7. Stock Reserved for the Plan.
     Two hundred thousand (200,000) shares of authorized but unissued Common Stock are reserved for issuance and may be issued pursuant to the terms of the Plan.
     In lieu of such unissued shares, the Company may, in its discretion, transfer to Participants under the terms of the Plan treasury shares, reacquired shares or shares bought in the market for the purposes of the Plan, provided that (subject to the provisions of the next paragraph) the total number of shares which may be granted or sold pursuant to awards granted under the Plan shall not exceed 200,000.
     In the event of any changes in the outstanding Common Stock by reason of stock dividends, split-ups, spin-offs, recapitalizations, mergers, consolidations, combinations or exchanges of shares and the like occurring after June 10, 1999, the aggregate number and class of shares available under the Plan shall be appropriately adjusted.
8. No Interest in Assets.
     No Participant or any other person shall have any interest in any specific asset of the Company by reason of any amount credited to him or her hereunder, nor any right to receive any distribution under the Plan except as and to the extent expressly provided in the Plan. There shall be no funding of any benefits which may become payable hereunder and Participants shall be treated as general unsecured creditors of the Company. No trust shall be created by the execution or adoption of this Plan or be required to be created in connection herewith. Any amounts which become payable hereunder shall be paid from the general assets of the Company.
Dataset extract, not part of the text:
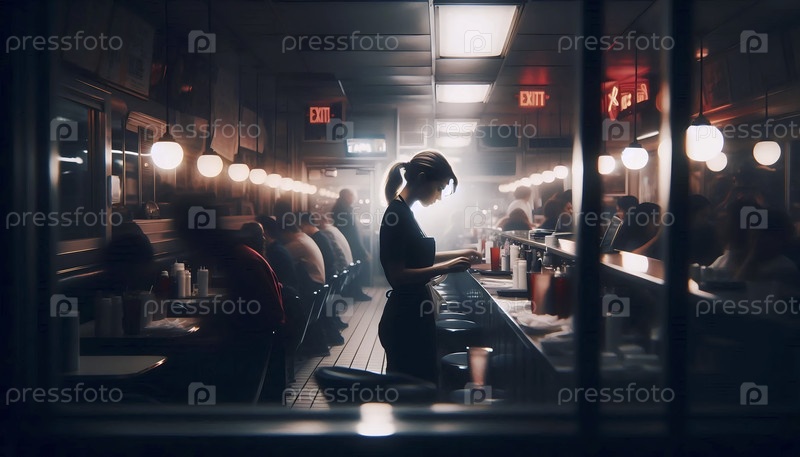 Более широкий снимок оживленной закусочной, которую можно увидеть через дверь, ее уединенный момент, Ай создал изображение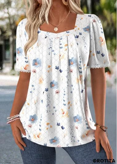 Home > Tops > Tees&T-shirts/ ROTITA Tummy Coverage Ditsy Floral Print White T Shirt

Nothing in the Plan shall be deemed to give any member of the Board of Directors any right to participate in the Plan, except in accordance with the provisions of the Plan.
9. Restriction Against Assignment.
     The Company shall pay all amounts payable hereunder only to the person or persons designated by the Plan as Participant or beneficiary, as appropriate, and not to any other person or corporation. No part of a Participant’s Account shall be liable for the debts, contracts or engagement of any Participant, his or her beneficiaries or successors in interest, nor shall it be subject to execution by levy, attachment or garnishment or by any other legal or equitable proceeding, nor shall any such person have any right to alienate, anticipate, commute, pledge, encumber or assign any benefits or payments hereunder in any manner whatsoever.
10. Government Regulations.
     The Plan, and the deferral of Fees and purchase of Common Stock thereunder, and the obligation of the Company to issue, sell and deliver shares, as applicable, under the Plan, shall be subject to all applicable laws, rules and regulations.
     This Plan is intended to comply with Section 409A of the Internal Revenue Code of 1986, as amended (the “Code”) and the rules and regulations promulgated thereunder

 


 

(collectively, “Section 409A”). However, by participating in this Plan each Participant acknowledges and agrees that he or she bears the entire risk of any adverse Federal and State tax consequences and penalty taxes in the event any payment pursuant to this Plan is deemed to be subject to and not compliant with Section 409A, and that no representations have been made to Participants relating to the tax treatment of any payment pursuant to this Plan under Section 409A of the Code and the corresponding provisions of any applicable State income tax laws. For purposes of Section 409A, the right to a series of installment payments under this Plan shall be treated as a right to a single lump sum distribution as of the date of the first installment payment.
11. Governing Law.
     This Plan shall be governed by, construed, and administered under the internal laws of the State of Delaware.
12. Adoption.
     This amended and restated Plan is dated January 1, 2008 and was adopted by the Board of Directors on December 10, 2008.